Physical adsorption occurs through weak interactions such as hydrogen bonding, van der Waals forces, and hydrophobic bonding. Although the introduction of growth factors into a scaffold is quite simple, the strength of the interactions for physical adsorption is dependent on the chemistry of scaffold biomaterial surfaces. Thus, physical adsorption alone may not sufficiently stabilize the growth factors inside a scaffold. Furthermore, growth factor content and conformation cannot be precisely controlled.

In contrast, chemical adsorption can be used to stably introduce growth factors into a scaffold by chemical cross-linking. The growth factors are anchored directly onto the functional groups of the scaffold surface. However, this method may result in side reactions such as scaffold breakdown or structural change in growth factors.

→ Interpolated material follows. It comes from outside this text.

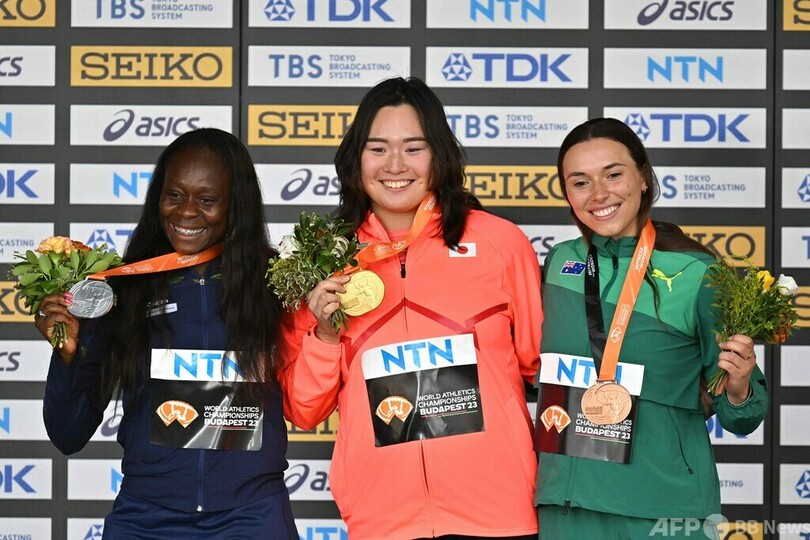 【8月27日 AFP】第19回世界陸上ブダペスト大会(World Athletics Championships Budapest 2023)は26日、女子やり投げの表彰式が行われ、北口榛花(Haruka Kitaguchi)に金メダルが授与された。

Both adsorption methods can be used to prepare biomimetic scaffolds. Various strategies such as modifying the local concentration of growth factors in the scaffold must be considered. Growth factors in the scaffold must be stable and active throughout the bone regeneration period. Currently, FDA-approved BMP-loaded scaffolds such as INFUSE® and Op-1® are available for orthopedic applications (Pinel and Pluhar 2012).

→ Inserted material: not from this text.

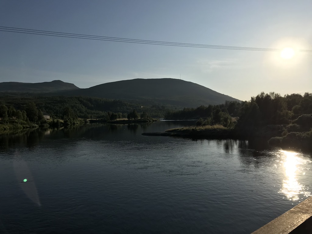 Till kvällen så gick vi en liten tur längs med älven och det var 28 grader varmt och vindstilla. Men de säger att temperaturen sjunker ganska fort på kvällen.
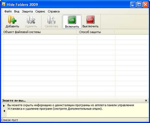Hide Folders 2009 - это удобный инструмент для сокрытия вашей конфиденциальной информации от посторонних. Программа позволяет скрывать целые папки на компьютерах под управлением Windows 2000/XP. Очень удобна и проста в использовании, достаточно просто перетащить скрываемую папку в окно программы и нажать всего одну кнопочку.

7 Biomimetic Scaffolds for (Pre)clinical Bone Regeneration

Clinical use of biomimetic scaffolds is currently in an embryonic stage, because most research on biomimetic scaffolds is conducted in animal models. Several preclinical studies have examined biomimetic scaffolds from alginate, chitosan, and synthetic polymers (Table 7.1) (Moeinzadeh and Jabbari 2015; Guo et al. 2006; Chua et al. 2016; Sheikh et al. 2017; Park et al. 2017; Bhaskar and Lim 2017; Koupaei and Karkhaneh 2016; Bessa et al. 2008; Wang et al. 2017; Pinel and Pluhar 2012; Re’em et al. 2012; Chen et al. 2011; Kon et al. 2010; Gervaso et al. 2012; Sartori et al. 2017; Zhang et al. 2013; Gotterbarm et al. 2006; Huh et al. 2017; Islam et al. 2015; Ahn et al. 2009; He et al. 2016; Correia et al. 2012; Fuchs et al. 2009; Mitsak et al. 2011; Jang et al. 2016; Chen et al. 2014; Wang et al. 2016; Wu et al. 2012; Lee et al. 2016; Shao et al. 2006; Erisken et al. 2008; Xu et al. 2015; Huang et al. 2013; Nie et al. 2009; Han et al. 2008; Da et al. 2013; Cui et al. 2011; Gupta et al. 2016; Kwon et al. 2015, 2017; Kemppainen and Hollister 2010; Yao et al. 2017; Foroughi et al. 2012; Wongwitwichot et al. 2010). Preclinical studies describing the use of biomimetic scaffolds and stem cells for bone regeneration are presented in the table. Biomimetic scaffold have been used in basic and preclinical research for the treatment of damaged or diseased bone tissues using various adult stem cells. Even though a number of biomimetic scaffolds are available, research must continue to better understand how bone tissues develop in biomimetic scaffolds and which biomimetic scaffold types should be applied in specific clinical situations.

Table 7.1 Biomimetic scaffolds for (pre)clinical bone regeneration

8 Future Challenges and Conclusion

Recently, research has been focused on biomimetic scaffolds that mimic the structure and biochemistry of native environments in a living organism. Biomimetic scaffolds must be able to accommodate the incorporation of growth factors needed to promote the desired cellular differentiation and maturation and to support the growth and differentiation of (stem) cells for bone regeneration. An overview of biomaterials for the fabrication of biomimetic scaffolds for bone regeneration has been presented here. A number of materials have been successfully applied in animal models, and there will no doubt be significant crossover for human applications of biomimetic scaffolds for better, safer, and more integrated bone regeneration. The challenges are that biomimetic scaffolds must possess the appropriate mechanical and 3D structural properties to mimic in vivo environments and must address immune reactions and bone regeneration in clinical situations. Our knowledge of clinically relevant technologies for biomimetic scaffolds is now growing exponentially and will require collaborative research among biomaterial, biological, and clinical scientists.